I know this isn’t quite the same but my mom’s father died in his sleep the morning of her and my dad’s wedding day. They went ahead with the wedding because they had a lot of out of town guests, etc and decided to just do it anyway. It was a miserable day for my mom and my grandmother (and I’m sure it wasn’t so great for my dad either).  That was 39 years ago and my mom still says she regrets not postponing the wedding. My parents are still married and have a wonderful relationship, but my mom just wishes they had waited to have the wedding a different day. Why am I telling you this? Because a wedding is just one day out of your life. Is it an important day that you will remember and cherish forever? Yes, of course. Is it worth missing out on time with your mom that you will never, ever get back? Not a chance.  Like with my parents’ situation, a wedding can be changed, done at a different time, etc and you will still have the same result – being married to the man you love for the rest of your life. It is one day out of your life. 40 years from now you might look back and wish you had your ‘dream’ wedding, but I would be willing to bet my life that you won’t wish for that 1/10th as much as you will wish that you had spent more time with your mom if you give up this opportunity to be with her.   

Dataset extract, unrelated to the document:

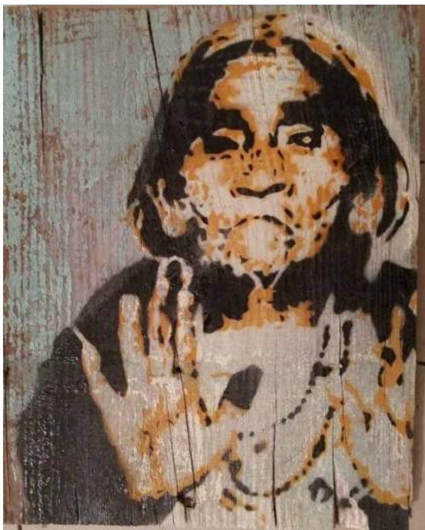
"El viaje de sabina" Stencil/ madera reciclada. 27 x 33.5 cm 2022

  • This reply was modified 2 years, 7 months ago by  Chani.
Post # 15
774 posts
Busy bee
  • Wedding: October 2013 - Dalhousie Castle

I know you might lose your dream wedding. But I really think you will be filled with regrets if you don’t spend all the time you can with you mum. I also bet a lot of your vendors would be willing to refund you deposits if you tell them what the situation is. That will give you lots of flights back home and might even allow you to take time off work without pay if you can. I’m soo sorry this happened.